We should want to know all about why these things keep happening here. I believe we do want to know. When I write “we,” I mean all Americans. That includes gun rights folks, confiscation advocates and everyone in between. There is no legitimate reason not to want to understand why these uniquely American massacres keep happening.
We should want to know all we can about every other type of gun death suffered by our country men and women too.
Now, before all of the usual objectors start crafting their rage-responses to my transparent ploy to impede their right to buy an AR-15 with no waiting, background check, or to have it delivered promptly to the shooter’s home like a pizza, read on please.
Legitimate gun owners, the distinguished “good guys with guns,” are the ones dying more than any other demographic in our country through the use of the very product they so adamantly defend. That’s right, gun manufacturers’ most loyal customers are buying guns and then using them to kill themselves at an alarming rate.
The people in this group who are dying would likely oppose my positions on gun policy.
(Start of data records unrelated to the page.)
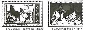 9. 观察图中的两张邮票,可以提炼的主题是( )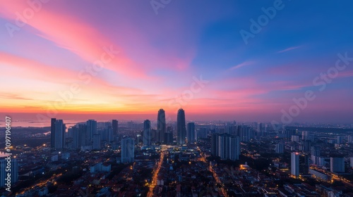 © AH TAR STOCK, Fototapeta premium A city skyline at sunset with a beautiful orange sky
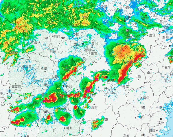 今天,南昌等地對流云團(tuán)一波接一波。圖:中央氣象臺
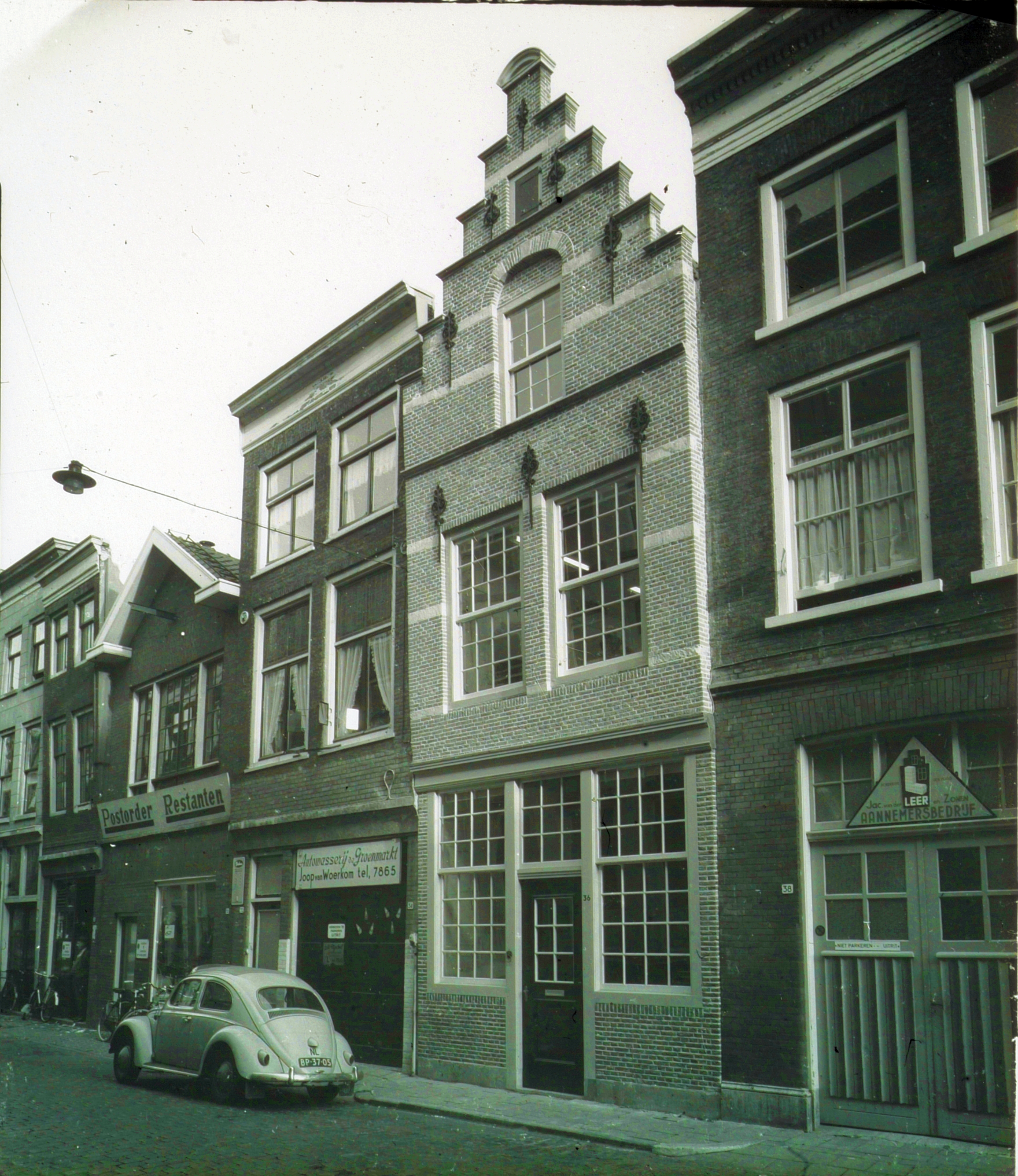 De Groenmarkt met links naast het huis met de trapgevel de autowasserij van Joop van …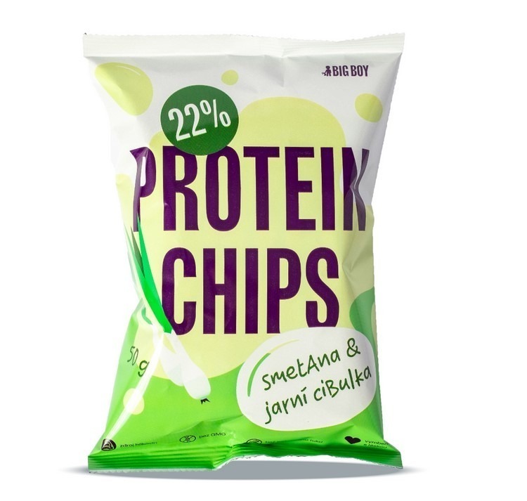 BigBoy asi znáte nejvíc jako výrobce skvělých ořechových krémů, pro své zákazníky ale vymýšlí stále něco nového. Proteinové chipsy s chutí smetany a jarní cibulky jsou výborné na malý hlad nebo velkou chuť.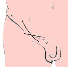 O incizie oblica, de la mijlocul segmentului dintre spina iliaca anterosuperioara si orificiul intern al canalului inghinal pana la spina pubisului, ofera un acces bun.

They would likely be in the minority of the polling groups reported by Pew in the report cited above.
Suicide is the 10th leading cause of death in America. More than 47,000 people committed suicide here in 2017. 70% of them are white men. And to further narrow it down, the leading age group among those white men are those 46-64.
Have you ever been to a gun show or an NRA convention like the one Indianapolis just hosted? This is who is there.
While still nauseated by the murders at Virginia Beach this week, I found myself reading an in-depth piece in Rolling Stone titled “All-American Despair,” written by my friend, Stephen Rodrick. This one focuses on suicide in the American West. Again, for those inclined to be enraged by my suggestion that our culture do something, anything, to try and turn the tide on our gun violence problem, please read this story. If you are a white man, between the age of 46 and 64, read it twice.
The largest number of those killed by a bullet each year in America do so via suicide. The guns being used are not stolen. They are being bought legally, often obsessively, by people who shouldn’t have them.
Gun control is not about inconveniencing Americans for me. It is about saving lives. Even the lives of those who tirelessly advocate for the right to buy a product that they eventually use on themselves to die.
Rodrick writes: “…the men who survived suicide attempts had one thing in common: They didn’t use guns. Pills can be vomited, ropes can break, but bullets rarely miss.”
A great America would do something about this. Even when the most vulnerable object.